BEGIN EXCERPTED DATA
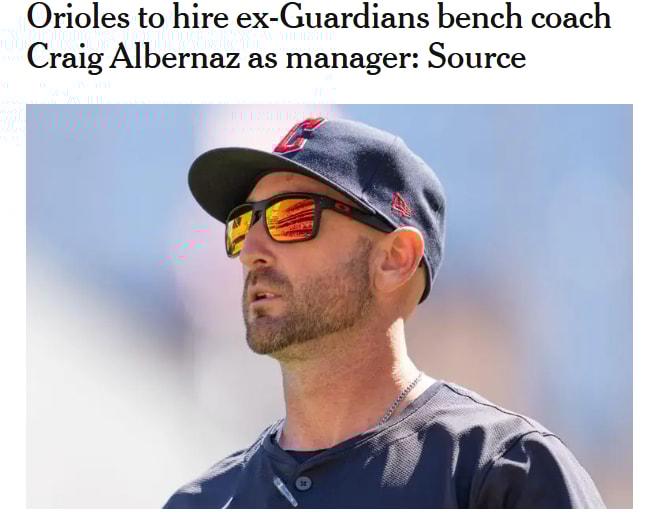 볼티모어 오리올스가 크레이그 앨버내즈 클리블랜드 가디언스 부감독을 새 사령탑으로 낙점했다.
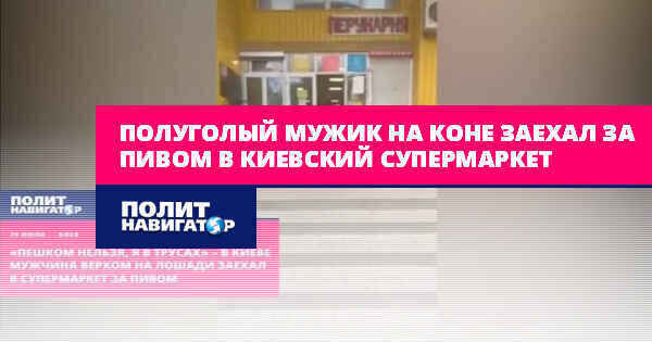 Полуголый мужик на коне заехал за пивом в киевский супермаркет
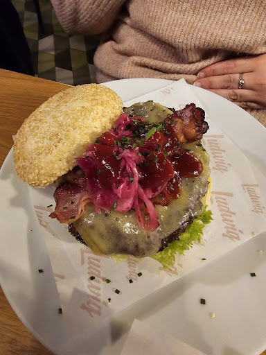 Read moreI would give our visit a 3.5 stars out of 5. We visited on a Thursday evening at 6pm and while there was no wait, it was loud and crowded. It took us a long time for a waiter to take our order, but the waiter was very kind & friendly (and spoke English) and the service was wonderful the rest of our time there. I think that, like many other places we visited in Salzburg, we paid a lot of money for an OK experience. I got the vegetarian broccoli & cheese burger on a gluten-free bun. The bun was terribly tasteless and dry (which I don't think is unique to Ludwig, unfortunately--that seems to be the situation in most places) and I was disappointed that the burger had literally one thin slice of processed cheese, one leaf of lettuce, and one slice of tomato. It left a lot to be desired. On the other hand, my son gave his BLT burger rave reviews. The sweet potato fries were delicious and the lemonades were yummy, in generously-sized...
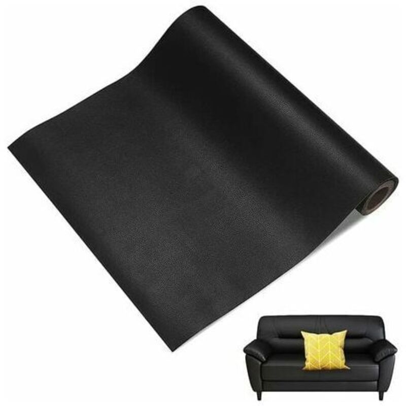Kit de réparation cuir autocollant noir 150 x 40 cm - Rouleau adhésif réparation cuir PU - pour canapés, vestes, sacs à main, sièges auto, meubles
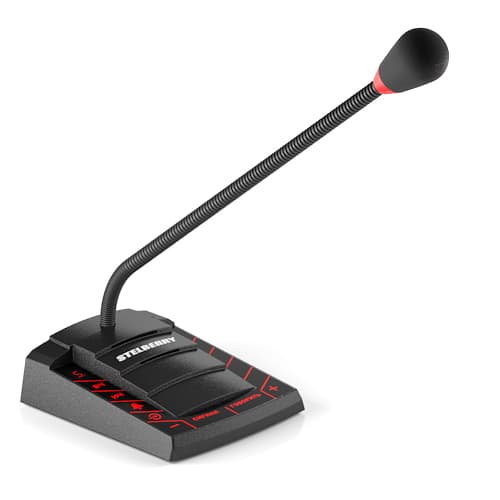 STELBERRY F-700 - Пульт громкого оповещения на 60 Ватт. 1 зона. Однонаправленный кардиоидный микрофон в гибкой стойке пульта. Аудиовход jack 3,5 mm для внешнего источника звука (музыки). Аудиовыход jack 3,5 mm для...
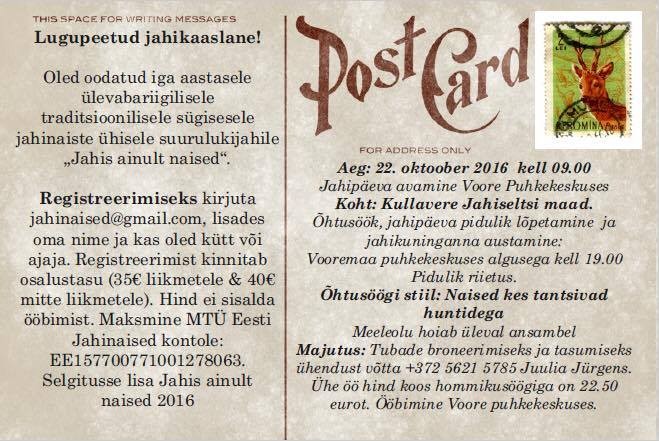 Uudised Üritused Jahis ainult naised 2016 UudisedÜritused Jahis ainult naised 2016 Lisas Toimetus - sept. 28, 2016 3109 MTÜ Eesti Jahinaised kutsuvad jahile! Segaduste vältimiseks väike täpsustus: jah, ka sellel aastal toimub kaks erinevat jahti, kuhu on oodatud naiskütid.
END EXCERPTED DATA
EXERCISE INSTRUCTIONS:
Exact copies of the entries above are needed, with every picture removed.

EXERCISE RESULT:
 볼티모어 오리올스가 크레이그 앨버내즈 클리블랜드 가디언스 부감독을 새 사령탑으로 낙점했다.
 Полуголый мужик на коне заехал за пивом в киевский супермаркет
 Read moreI would give our visit a 3.5 stars out of 5. We visited on a Thursday evening at 6pm and while there was no wait, it was loud and crowded. It took us a long time for a waiter to take our order, but the waiter was very kind & friendly (and spoke English) and the service was wonderful the rest of our time there. I think that, like many other places we visited in Salzburg, we paid a lot of money for an OK experience. I got the vegetarian broccoli & cheese burger on a gluten-free bun. The bun was terribly tasteless and dry (which I don't think is unique to Ludwig, unfortunately--that seems to be the situation in most places) and I was disappointed that the burger had literally one thin slice of processed cheese, one leaf of lettuce, and one slice of tomato. It left a lot to be desired. On the other hand, my son gave his BLT burger rave reviews. The sweet potato fries were delicious and the lemonades were yummy, in generously-sized...
Kit de réparation cuir autocollant noir 150 x 40 cm - Rouleau adhésif réparation cuir PU - pour canapés, vestes, sacs à main, sièges auto, meubles
 STELBERRY F-700 - Пульт громкого оповещения на 60 Ватт. 1 зона. Однонаправленный кардиоидный микрофон в гибкой стойке пульта. Аудиовход jack 3,5 mm для внешнего источника звука (музыки). Аудиовыход jack 3,5 mm для...
 Uudised Üritused Jahis ainult naised 2016 UudisedÜritused Jahis ainult naised 2016 Lisas Toimetus - sept. 28, 2016 3109 MTÜ Eesti Jahinaised kutsuvad jahile! Segaduste vältimiseks väike täpsustus: jah, ka sellel aastal toimub kaks erinevat jahti, kuhu on oodatud naiskütid.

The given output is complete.